This report assesses LMO2 expression in a series of patients with B-ALL. Our data suggest that, in contrast to T-ALL, LMO2 expression reflects the developmental stage in which the blasts are arrested rather than being an oncogenic event in this disease. Furthermore, we show that LMO2 expression correlates with survival of B-ALL patients, being an independent prognostic factor in the subgroup with normal karyotype, particularly among patients over 15 years of age.
Design and Methods
Patients’ samples and cell lines
LMO2 expression was assessed in a cohort of 247 patients with acute lymphoblastic leukemia (ALL) who were treated according to the PETHEMA (Spanish Group for the Study and Therapy of Haematological Malignancies) protocols at the Departments of Haematology of the Clínica Universidad de Navarra (Pamplona), Hospital Reina Sofía (Cordoba) and other national institutions belonging to the PETHEMA group.12,13 Full clinical and laboratory data were available for 39 T-ALL and 145 B-ALL patients (one of them lacking survival data) with a median age of 11.5 years (range 0.5–87 years), including 100 children under 15 years of age (median 5.5 years, range 0.5–14) and 84 patients over 15 years of age (mean age 34.5, range 15–87). Sample collection was approved by the individual institutional review boards of the participating institutions and informed consent was obtained from all adult patients and children’s parents or legal guardians.

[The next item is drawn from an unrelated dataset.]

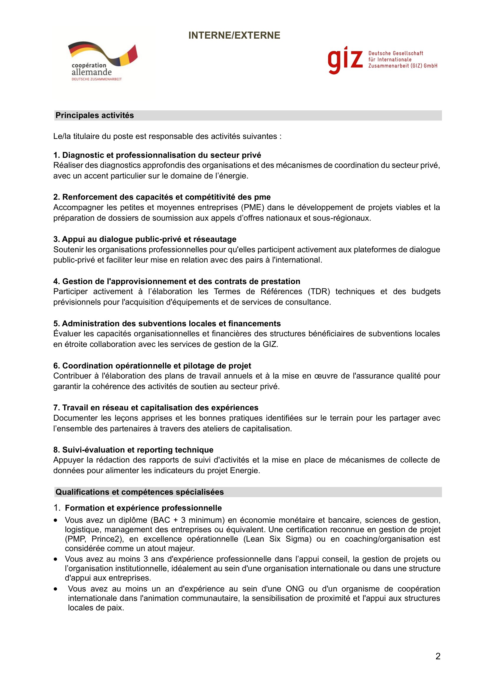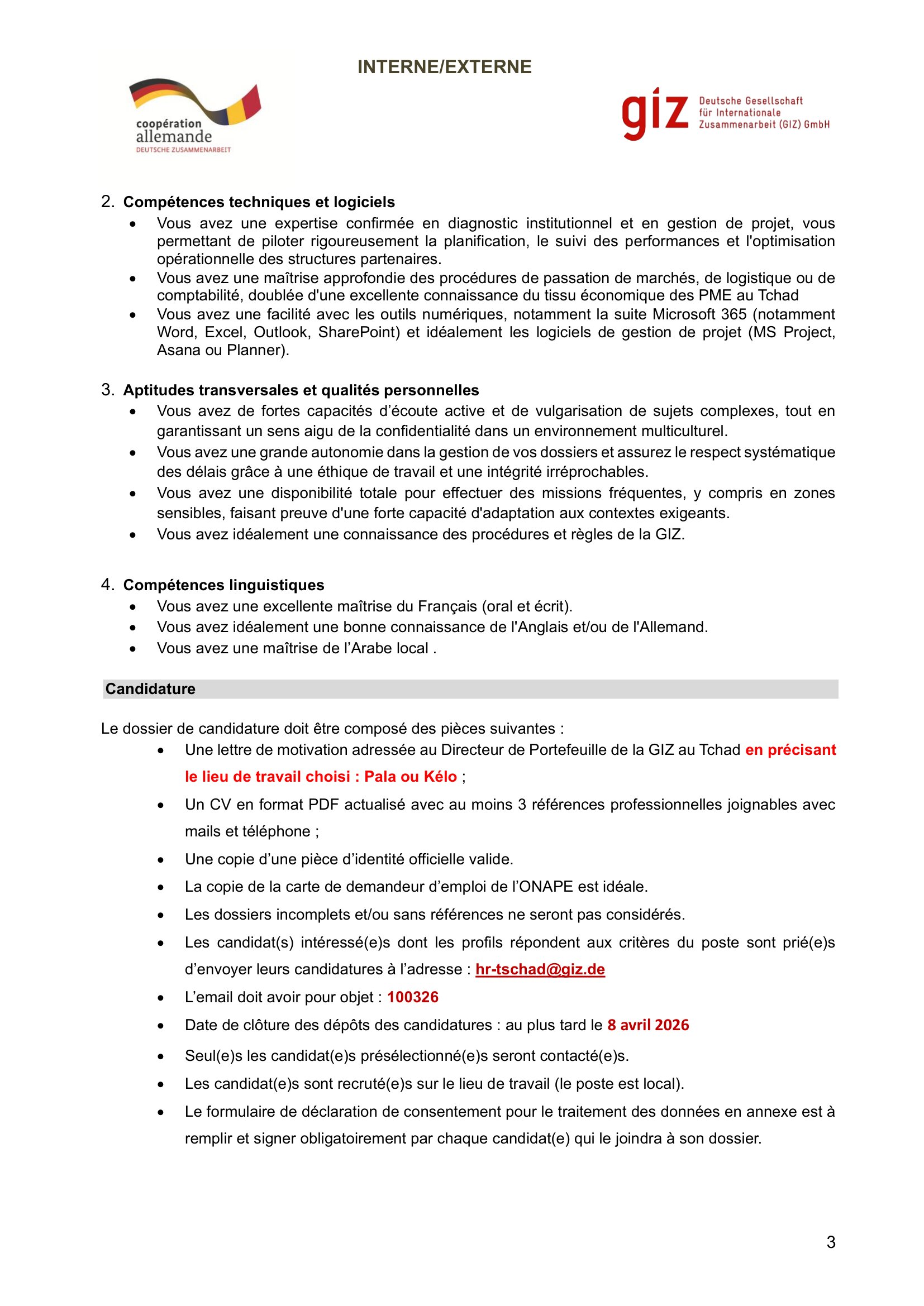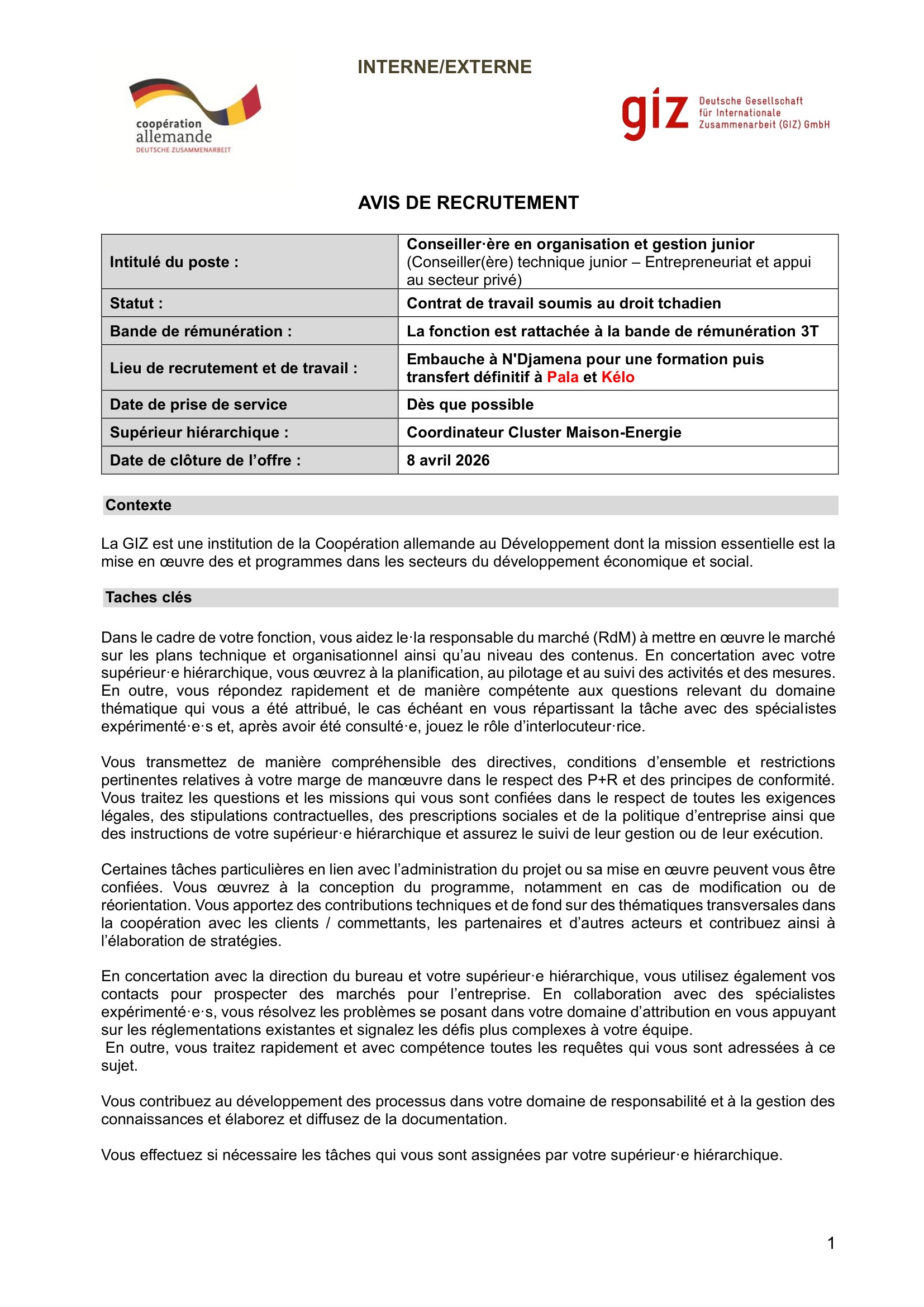 La GIZ recrute un Conseiller en organisation et gestion junior (H/F), Pala, Kélo, Tchad Avr 2, 2026 La GIZ recrute un Conseiller en organisation et gestion junior (H/F), Pala, Kélo, Tchad Share on FacebookTweetFollow usSaveInstitut mondial de la croissance verte (GGGI) recherche un(e) stagiaire en communication et partage des connaissances, Corée du SudAppel à candidature pour le programme de bourses ROK-KAU 2025 (entièrement financé), Corée du SudLe conseil norvégien pour les réfugiés recrute un(e) coordonnateur(trice) grants, N’Djamena, TchadThe Lutheran World Federation (LWF) is hiring Project Assistant, Fouli, Lac, Tchad

Cytogenetic and molecular analyses were performed for all samples (Online Supplementary Design and Methods). We found 32 cases (15%) with TEL-AML1 (ETV6-RUNX1) gene rearrangement, 41 cases (20%) with BCR-ABL rearrangement, 16 cases (8%) with rearrangements involving the MLL gene, 9 cases (4%) with hyperdiploid karyotype (more than 50 chromosomes), 21 cases (10%) with miscellaneous abnormalities and 89 cases (43%) with normal karyotype. Detailed information on the number of cases with cytogenetic, immunophenotypical and survival data available is provided in the Online Supplementary Table S1 and Figure S1. The clinical and immunophenotypical characteristics of the B-ALL patient samples are shown in Table 1. Methods for the sorting of the normal lymphocyte subpopulations are available in the Online Supplementary Appendix and Table S2, along with the cell lines included in this study.
Table 1.
Quantitative real time PCR (Q-RT-PCR)
All patient samples were taken at initial diagnosis and come from bone marrow aspirates. Only samples with more than 80% blasts were included in this study. Total RNA from patients’ mononuclear bone marrow cells was extracted with Ultraspec RNA isolation system (Biotecx). RNA quantity and quality were assessed by spectrophotometric measurements with NanoDrop® ND-1000 Spectrophotometer. Reverse transcription and Q-PCR were performed as previously described14 using specific TaqMan probes and 10x LightCycler TaqMan Master (Roche Applied Science). LMO2 expression was normalized to ABL expression as recommended by the Europe Against Cancer group for leukemic samples.15 This group reported that ABL expression remained constant not only in normal blood/bone marrow samples but also in leukemic samples with different genetic alterations, including cases with BCR-ABL rearrangement. We confirmed that ABL expression remained constant among our samples with different genetic alterations and in the normal karyotype subgroup (P= 0.761) (Online Supplementary Figure S2). The following primers were used for PCR: forward LMO2 primer 5′-GGCGGCGCCTCTACTACA-3′, reverse LMO2 primer 5′-CCAAAAAGCCTGAGATAGTCTCT-3′, TaqMan LMO2 probe 5′-CTGGGCCGGAAGCTCTGCC-3′. Forward ABL primer 5′-TGGAGATAACACTCTAAGCATAACTAAAGGT-3′, reverse ABL primer 5′-GATGTAGTTGCTTGGGACCCA-3′, TaqMan ABL probe 5′-CCATTTTTGGTTTGGGCTTCACACCATT-3′.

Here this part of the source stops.